Each stock is in a different industry and has a greater than double digit growth rate. Some may be considered speculative, but each will be insured to limit losses to 8% to limit risk, even if the stock goes to zero. And if any one stock does go bankrupt the entire portfolio will have a less than 1% loss. Some of the share quantities may have to be pared back to pay for the put insurance, which is not included in the ‘$ Total’ above.
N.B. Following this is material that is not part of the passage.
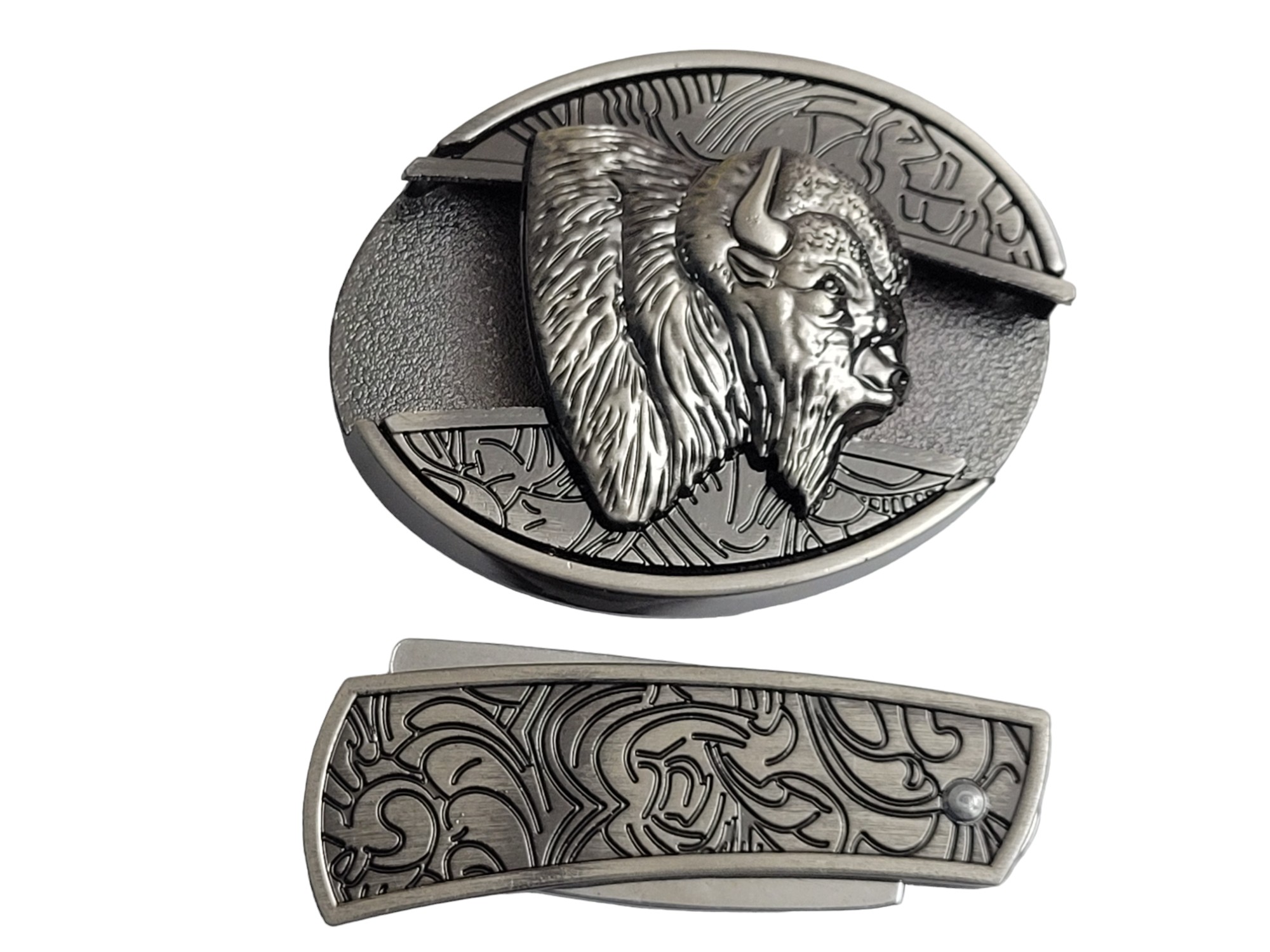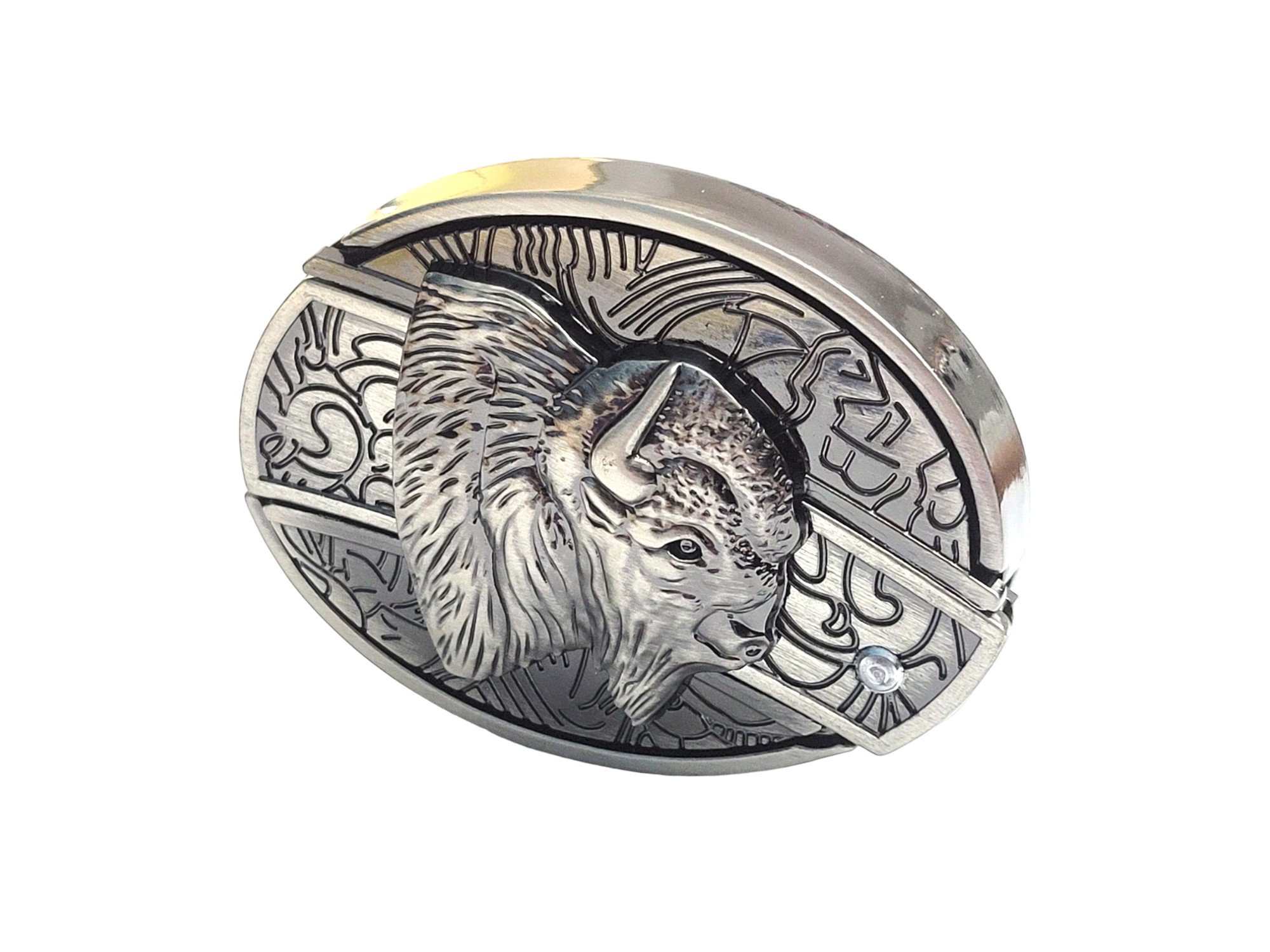 Introducing the 3D Bison Head Folding Knife Belt Buckle, a stylish accessory with a practical folding knife, perfect for outdoor activities. Enjoy free laser engraving for personalization!

A typical 5 line setup for one of the stocks would look like:

Typical Five Line Setup:

Buy Silver Wheaton 800 Shares @ $25.53
BTO 8 SLW 17-Jan 28.00 Put: $ 5.10
Total Invested: $30.63
Guaranteed by Put: -$28.00
Total At Risk: $2.63 or (8.59%)

 

The example is shown per 100 shares; therefore, the total invested in SLW is 800 X $30.63 or $24,504.00. Also note that the risk is a little over 8% and we wanted to keep it less than 8% to meet the total portfolio exposure to 1%. But these numbers are close. Some will be under target and some will be over. These are all guidelines and not numbers that must be exactly met. Stock positions in the portfolio above vary from $14K to $35K, which is close enough to the targeted $25K for investment amounts.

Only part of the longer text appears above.